Dumb question that I don't think I've seen specifically asked, but why are these Professionals and not Ultrasharps? Is there a specific, hard reason for the difference between the two lines outside of something like warranty?

It's quite odd these aren't in the U category as they have the same warranty as the Ultrasharps and the viewing angles/color specs are as good as monitors like the U2713HM.

Sometimes the number of ports and features (e.g. built in USB 3.0 hub) are a differentiator, but even that doesn't seem the be the case this time.

Maybe Dell is shifting their product lines around a bit as 4K and 27" becomes more mainstream?

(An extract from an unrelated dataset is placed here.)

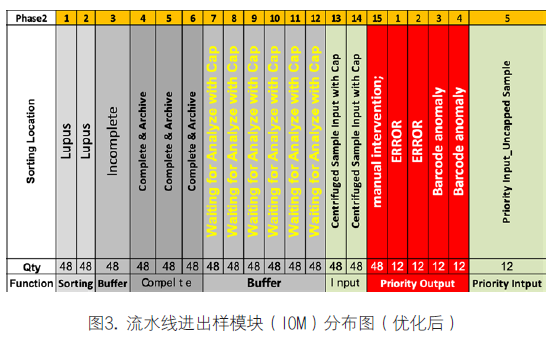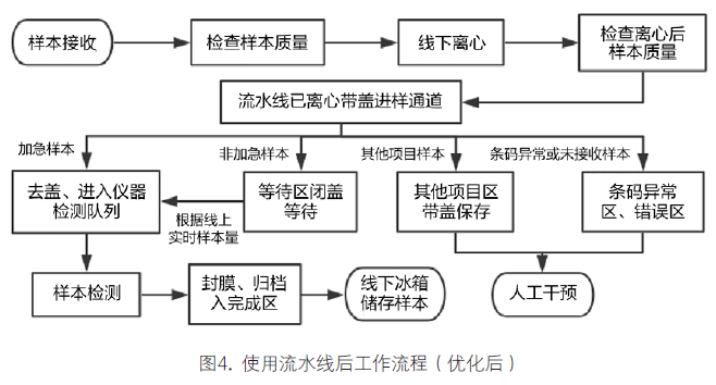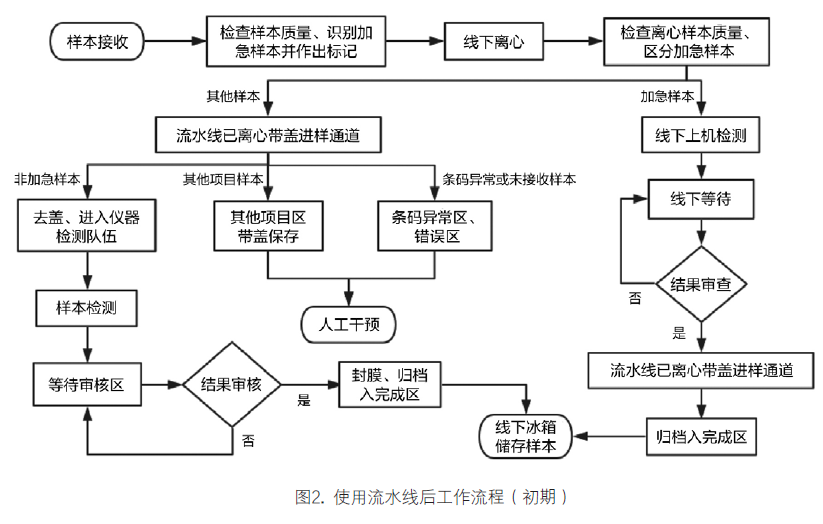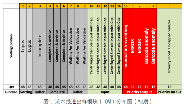 作者:刘丹 寿玮龄 吴卫 单位:中国医学科学院北京协和医院检验科 吴 卫 北京协和医院检验科临床基础检验专业组组长 副主任技师。北京协和医学院临床检验诊断学系临床血液和体液学检验教研室组长,CNAS医学实验室(ISO15189)评审员;中国研究型医院学会血栓与止血专业委员会委员;中国医学装备协会检验医学分会第二届临床检验装备学组委员;国家卫生计生委人才交流服务中心全国卫生人才评价领域专家;北京医学检验学会血液学和体液学检验分会常务委员;北京市临床检验中心临床血细胞检验诊断专家委员会委员;北京市血栓与止血检验质量控制专家委员委员,主持中国医学科学院创新工程1项(2018-I2MAI-002);作为PI主持临床试剂和仪器的注册工作20余项,在常规工作中积累丰富经验,以第一作者和通讯作者及参与发表文章50余篇。 血栓与止血筛查项目包括凝血酶原时间(prothrombin time,PT)、活化部分凝血活酶时间(activated partial thromboplastin time,APTT)、纤维蛋白原(fibrinogen,Fbg)、凝血酶时间(thrombin time,TT)、D-二聚体和纤维蛋白原降解产物(FDP),是评估机体出凝血状态最常用的临床指标,其检验结果的准确性、TAT都直接影响临床医疗决策、安全和诊疗效果。血栓与止血筛查项目对样本质量要求严格,样本采集时间、送检时间、样本采集量、是否存在凝块、离心条件、离心后血浆是否存在溶血、乳糜、黄疸、红细胞压积(HCT)是否≥55%等均会影响检测结果。目前多数实验室判断样本质量均靠人工判断,可能出现遗漏或受到主观因素的影响,判断出现偏差。本实验室尝试将LIS系统与实验室凝自动化系统有效结合,改进工作的流程,保证结果的质量。现将相关经验与大家分享。 血栓与止血筛选试验的全自动流水线系统于2018年8月份在实验室安装启用,图1为流水线进出样单元(I/OM)布局图,该单元包括5个已离心带盖进样区、3个检测后等待审核区、3个已完成检测归档区、1个未完成检测区、2个线下项目分类区、3个错误处理区、1个人工干预区和1个优先进样区。图2为血栓与止血实验室安装全自动流水线后的工作流程。 一、血栓与止血检测全自动流水线系统的优化 经过一段时间的使用,发现流水线存在一些需要优化的问题。 1. 高峰期样本从去盖到吸样时间间隔过长,导至样本血浆长时间暴露在空气中,一方面可能影响检测质量,另一方面增加了实验室生物安全风险。 2 . 流程中仍然有很多的繁复的人工操作,特别是手工分出急诊样本,因此在现有资源的基础上,仍有很大空间可以减少手工劳动强度、缩短样本的TAT。 3. 血栓与止血检测的样本有检测时间要求,流水线系统没有能有效的解决这个问题。针对以上问题,实验室在进行多次尝试与探索后,对流水线进行了如下优化:(1)重新配置了流水线进出样单元布局,如图3,将3个检测后等待审核通道改为3个闭盖等待检测通道,将5个已离心带盖进样通道减少为2个,余下3个改为闭盖等待检测通道;(2)在流水线软件中进行了针对性设置:① 将流水线上同时允许运行的最大样本数从90个改为48个,减少了样本去盖后再轨道上的等待时间;② 在分析仪侧轨的等待检测队列由原来的9个常规样本位置改为6个常规样本位置,保障了加急样本随时可以插入进行检测。 二、血栓与止血检测全自动流水线系统的优化后的优势 通过上述优化后,实现了凝血检测的智能化流程,解决了之前存在的问题: 1. 缩短了时间:通过优化大大缩短了样本开盖到吸样的时间间隔。 2. 实现了流水线自动识别加急样本并优先处理:所有离心后的样本通过流水线已离心带盖进样区上线,在条码识别后,急诊样本直接去盖并进入分析仪检测队列,常规样本进入等待区闭盖等待,流水线根据线上实时样本量进行去盖并进入分析仪检测队列等待检测,所有样本吸样完成后即线上封膜归档。狼疮、纠正试验等其他检测项目的样本(因为所用的采血管相同,不再人工进行分类,都进入流水线)则进入其他项目区后取出另行检测。条码异常、未接收样本、超时未检测样本等则会分拣到错误处理通道,人工进行干预解决,同时保留无盖优先进样通道保证了特殊加急样本的优先检测。 3. 实现了样本的“先进先出”:通过软件控制流水线按上线顺序将等待区样本依次抓入流水线进行检测;同时,因为样本等待时间过长会影响检测质量,因此针对上线3小时后仍然在等待检测的样本,软件自动将其升级为加急样本并优先检测,保障了样本的检测质量与TAT。 优化后流水线的工作流程如图4所示。上述优化提升了凝血检测的工作效率,减少了人工操作流程,避免人工错误的同时降低了实验室生物安全风险。 三、血栓与止血检测流水线与实验室LIS系统的优化创新 LIS系统在智能化实验室的构建中起着重要作用。为配合血栓与止血流水线的使用,对实验室LIS系统同样进行了优化与创新。 为方便工作, 实验室在LIS系统与流水线Centralink中间件软件检验数据传输的基础,实现了样本在线换机复查和取出(如图5);该功能实现后,实验室可在LIS端直接控制流水线进行标本查取,但目前复查机器的选择仍需在Centralink端进行,下阶段实验室将会对该功能进行进一步优化,实现在LIS端的一键换机复查。 血栓与出血筛查试验中,当患者HCT≥55%时,需要对采血管中抗凝剂的量进行调节,在LIS结果显示界面增加了该样本患者最近至少一次HCT结

Maybe we'll see some nice priced 32" 4K U Series soon :)

Or it could be something really pragmatic such as the percentage discounts they offer to large business purchases being different on P and U series.
 
Color depth has nothing to do with color gamut.

As far as I can see, color depth seems to have a lot to do with color gamut, but of course I know they are not the same thing.

Follow me here, lets take a look at the specs

P2715Q: CIE1976 (103%) and CIE1931 (77%) and 1.07 billion colors (color depth)
U2413: CIE1976 (120%) and CIE1931 (103%) and 1.07 billion colors (color depth)

As they have the same color depth but different color gamut %, it means that although beeing able to display the same distinct numbers of colors, they can not show the same range/gamut of colors. But which colors can P2715Q display then?

As sRGB color space has 16.7 milion colors, what are the others 903 milions colors P2715Q is able to display as it can display 1.07 bilion colors? Are all those colors outside adobe RGB or any color gamut we might want to be able to see?

I am no expert on this matter. I am just trying to figure it out.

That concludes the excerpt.